## Problem to solve
Restate word for word the lines below from the one that has "In den Holzturm" through the one that has "Exam Duty | |", keeping both and dropping all pictures.

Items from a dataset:
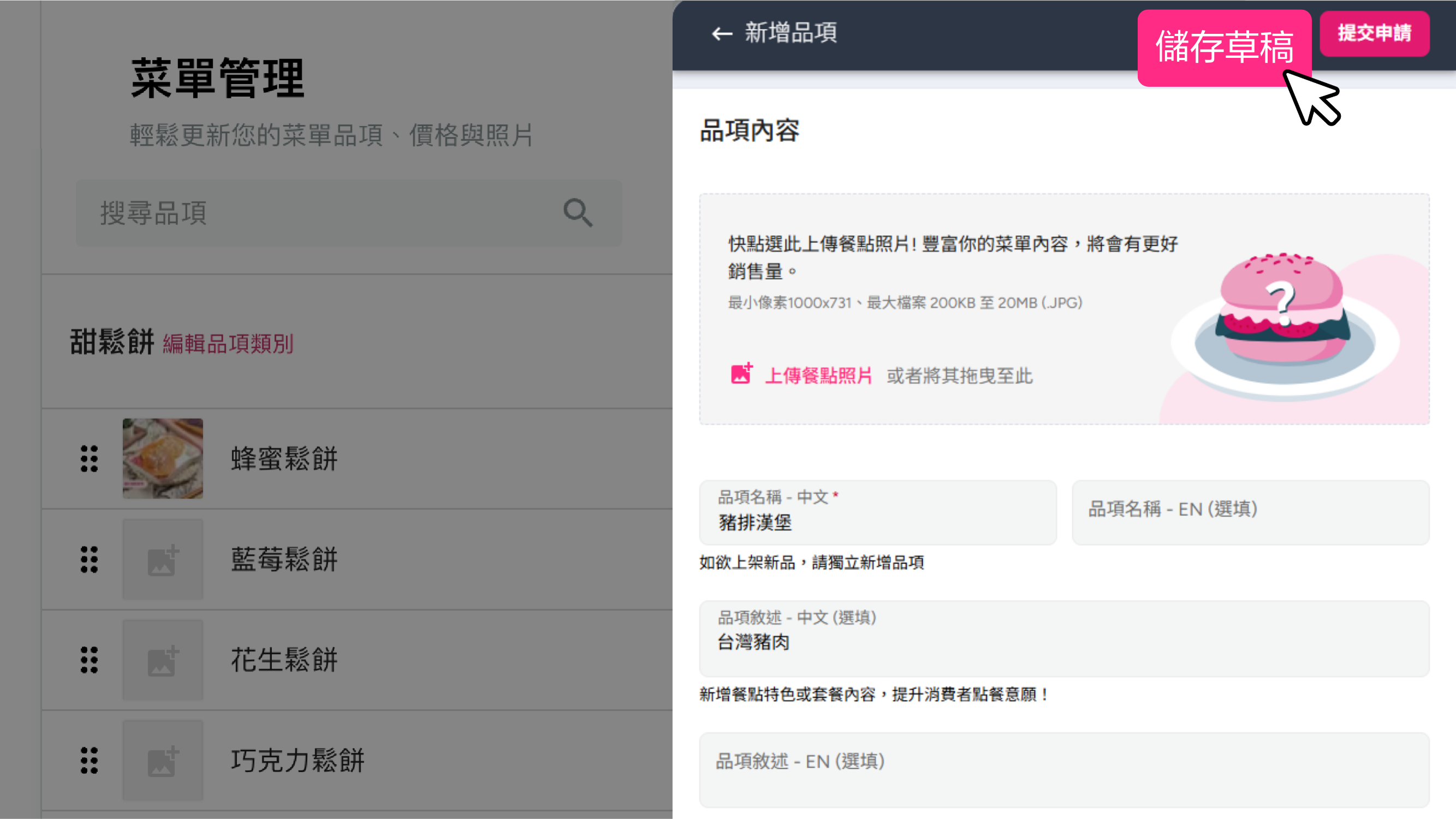 您可以透過【草稿功能】將待上架的餐點、菜單資訊先在商家平臺完成設定,後續在預期的時間再安排上線。
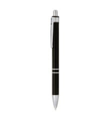 Bolígrafo de mecanismo pulsador en original diseño bicolor. Con cuerpo en aluminio de suave acabado en alegres colores. Accesorios y anillas en plateado. Clip de original diseño y tinta azul.
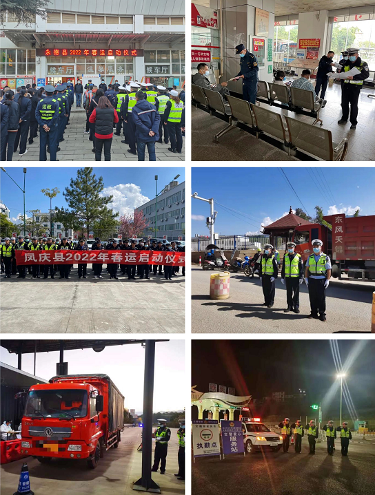 為統(tǒng)籌做好2022年春運(yùn)安全管理工作和疫情防控常態(tài)化工作,保障人民群眾安全、便利、滿意出行。臨滄市公安交警部門圍繞黨的二十大交通安保暨2022年道路交通事故預(yù)防“減量控大”集中整治第一波次行動(dòng)總體要求, 1月17日春運(yùn)首日,各縣區(qū)公安交警聯(lián)合運(yùn)政、路政、客運(yùn)企業(yè)、保險(xiǎn)等部門舉行春運(yùn)啟動(dòng)儀式,同時(shí)啟動(dòng)所有交警執(zhí)法站、執(zhí)勤點(diǎn),充分發(fā)揮公路交通安全防控體系作用,落實(shí)分級(jí)分類查控機(jī)制,全力做好春運(yùn)道路保安全保通暢工作,為春節(jié)、北京冬奧會(huì)和全國(guó)、全省“兩會(huì)”勝利召開營(yíng)造平安祥和的道路交通環(huán)境。
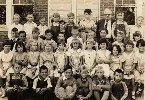 Description: Irving school's second grade class, 193435. The children of the Twin Wells community attended school in Irving. Irving was about two miles west of Twin Wells.
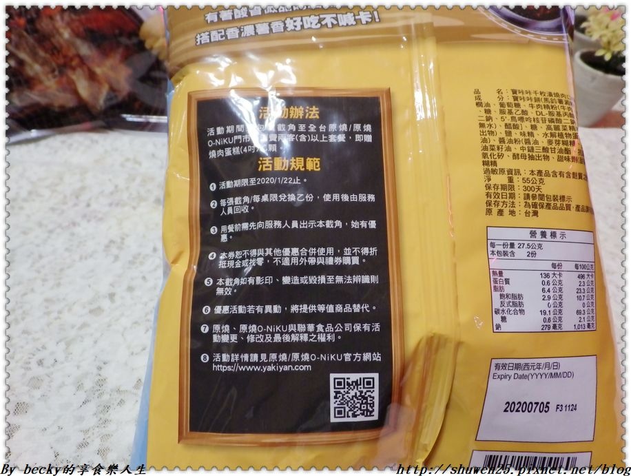 背後則是活動說明、營養標示及有效日期,還有品名及成份標示資訊。
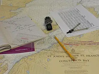 - hors de vue de terre, la navigation consiste à se placer en coordonnées géographiques (latitude et longitude). La méthode utilisée est alors la navigation à l'estime ; le point ainsi « estimé » est « recalé » plus ou moins fréquemment grâce à des points astronomique et, naguère, avec l'utilisation éventuelle de systèmes radioélectriques terrestres (CONSOL, LORAN, Oméga, Decca, etc. aujourd'hui pour la plupart éteints) ;
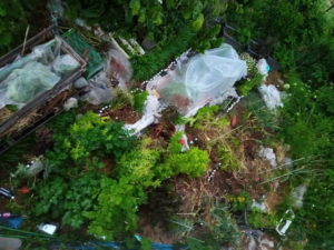 朝の雨後の空気が冷たくて気持ちが良いです。禅寺丸柿に雌花が着きました。発酵温床の前に立って居るのは左からジャガイモ、そしてレタスです(笑)。白く見えるのが発酵温床で不織布を持ち上げている南瓜です。
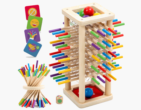 In den Holzturm werden durch die Aussparungen in den Kunststoffseitenteilen farbige Säbe ...
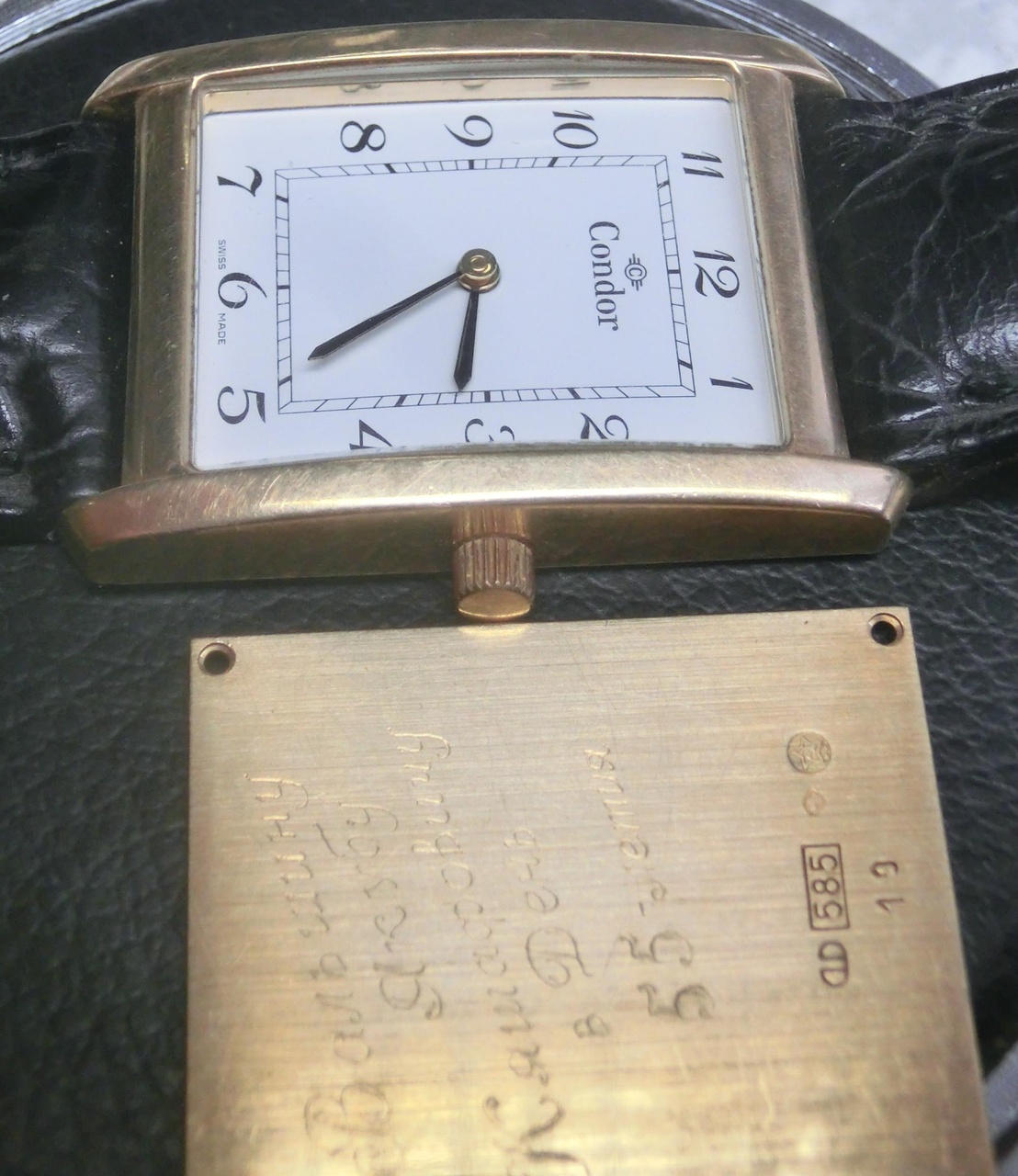 Почти все часы этой марки идут в золотых корпусах собственного дизайна, комплектуются известными швейцарскими механизмами. Корпуса могут выливаться на ювелирных заводах других стран так поступают многие не дорогие фирмы( в диапазоне цен от 500 до 5000) как результат на корпусе могут быть 2 вида проб ювелирного завода и CONDOR или 2 вида клейма CONDOR(собака) и ювелирный завод (всё зависит от страны и завода).
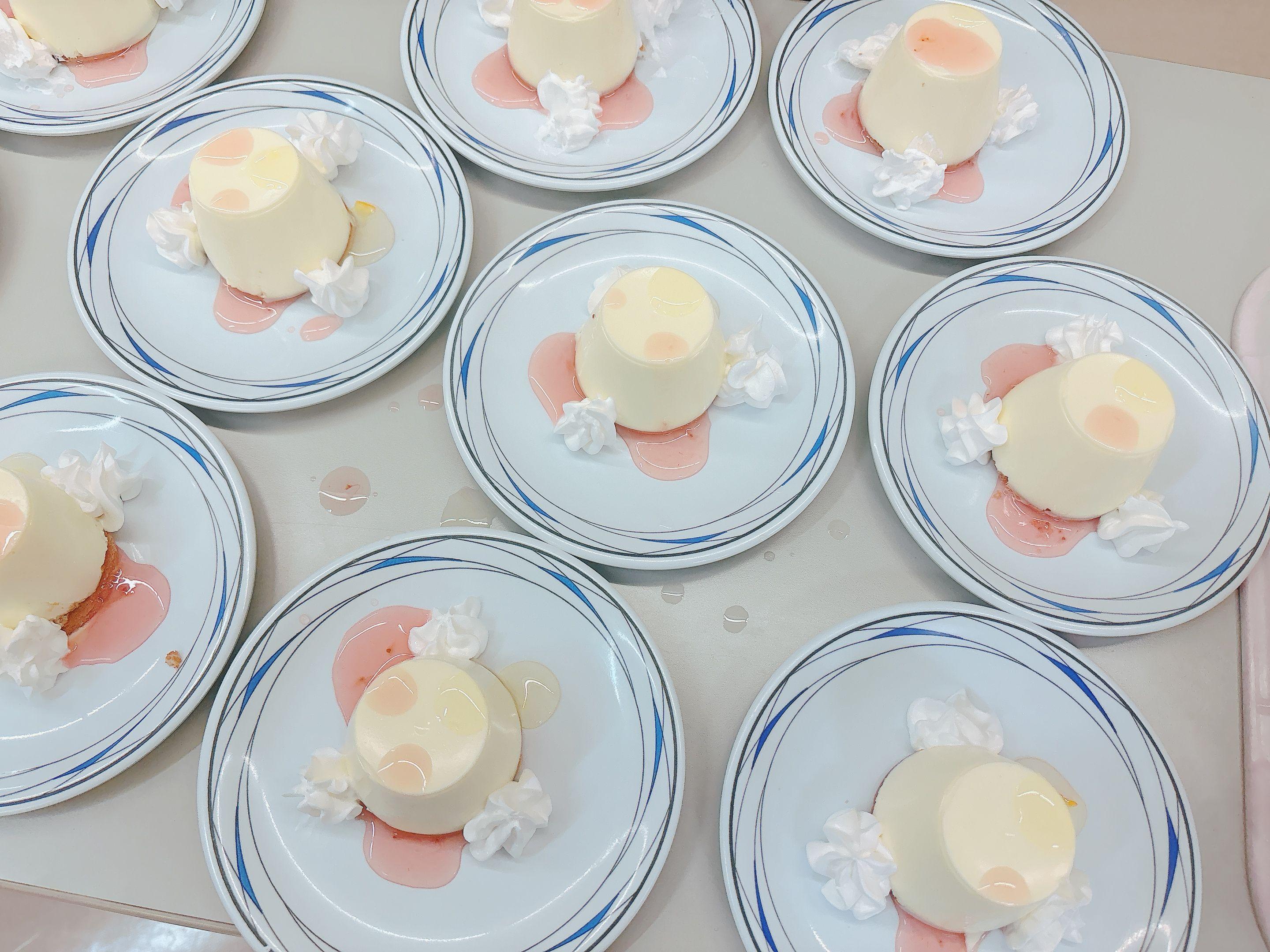 手作りのレアチーズケーキにいちごソースとマーマレードソースを添えてご提供shine
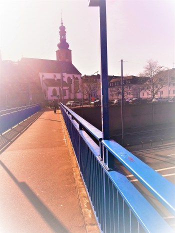 Als wir über die alte Brücke gehen, die ans andere Saarufer führt, wo sich das Schloss und die Gerichtsgebäude befinden, sehe ich unter uns das braune Wasser der Saar gemächlich dahinfließen! Plötzlich kommt mir der Satz aus irgendeinem Film in den Sinn: ,,Das Leben ist eine langer Fluß…! “
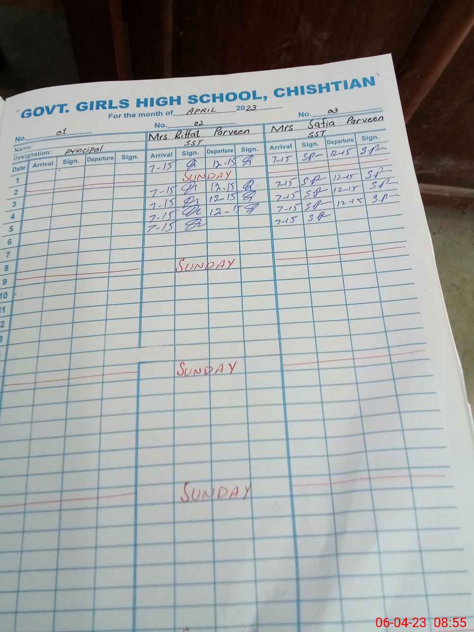 | 31**** | Ki**** Sa**** | Regular | 2 | 0 | 0 | 0 | 0 | 0 | 0 | 0 | 2 | Exam Duty | |
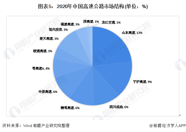 中国省际经济发展步调存在较大差异,导致各省基础建设进程以及对高速公路的市场需求都有所差别,前瞻汇总各省领先高速公路上市企业2020年营业收入数据得出行业市场结构,其中2020年山东高速所占市场份额最大,达到13%,其次是宁沪高速,市场份额达到9%;四川成渝、赣粤高速、中原高速并列第三,均占到6%。
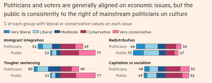 Here is yet another (!) fascinating piece by John Burn Murdoch in the FT exploring how voters and politicians are mismatched on political issues. He finds that the political class and the population are on the same page on economic issues but there is a significant disparity in their attitudes to cultural issues like immigration:
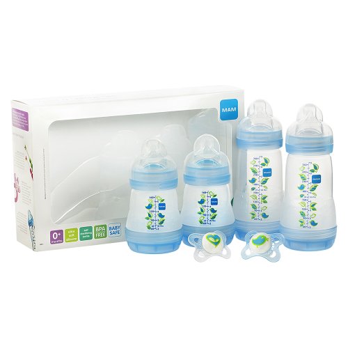 MAM Baby - Gift Set - 4 Bottles and 2 Pacifiers (0+ Months) - Blue
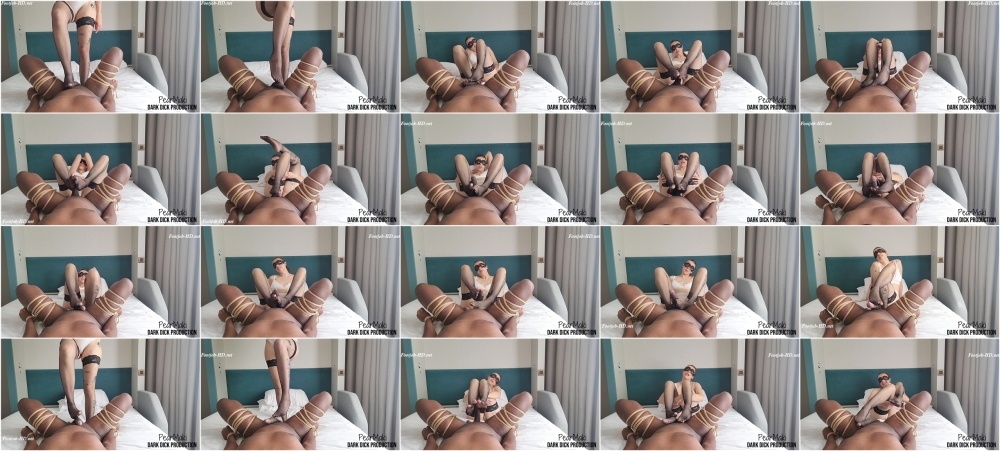 Tony was eager to feel my feet on his cock. I tied up his legs, and tied his hands to the side. I'm the one in control, he can enjoy the view and sensations! Standing up or sitting in front of him, my feet play with his cock to the rythm of our moans and giggles. I enjoy what i do, and i do it right!
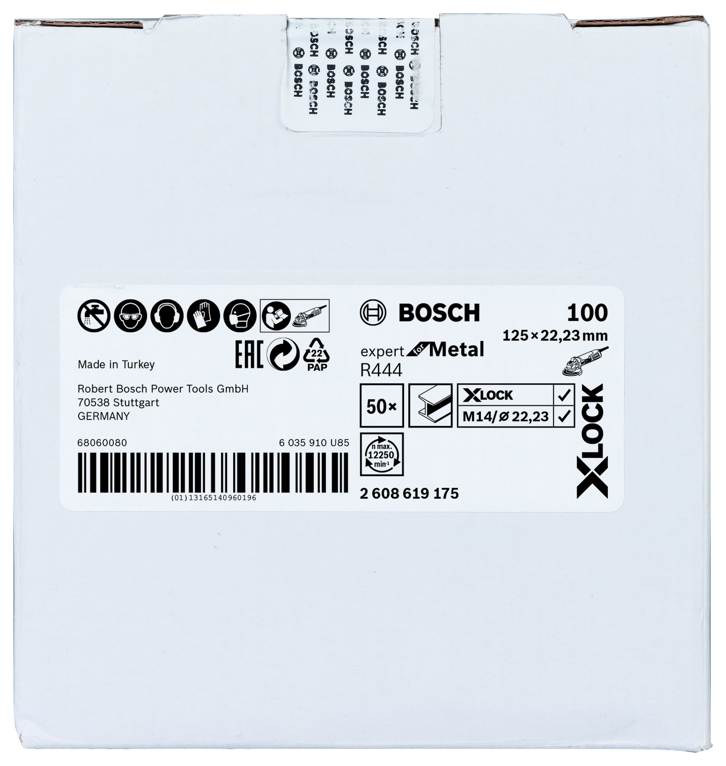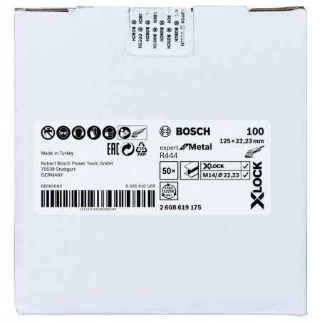 Emballage: 1Marque: BoschRéférence: 2608619175EAN: 3165140960199Description: X-LOCK disque à fibre, 125mm, G 100, R444, Expert for Metal

## Problem solution
 In den Holzturm werden durch die Aussparungen in den Kunststoffseitenteilen farbige Säbe ...
 Почти все часы этой марки идут в золотых корпусах собственного дизайна, комплектуются известными швейцарскими механизмами. Корпуса могут выливаться на ювелирных заводах других стран так поступают многие не дорогие фирмы( в диапазоне цен от 500 до 5000) как результат на корпусе могут быть 2 вида проб ювелирного завода и CONDOR или 2 вида клейма CONDOR(собака) и ювелирный завод (всё зависит от страны и завода).
 手作りのレアチーズケーキにいちごソースとマーマレードソースを添えてご提供shine
 Als wir über die alte Brücke gehen, die ans andere Saarufer führt, wo sich das Schloss und die Gerichtsgebäude befinden, sehe ich unter uns das braune Wasser der Saar gemächlich dahinfließen! Plötzlich kommt mir der Satz aus irgendeinem Film in den Sinn: ,,Das Leben ist eine langer Fluß…! “
 | 31**** | Ki**** Sa**** | Regular | 2 | 0 | 0 | 0 | 0 | 0 | 0 | 0 | 2 | Exam Duty | |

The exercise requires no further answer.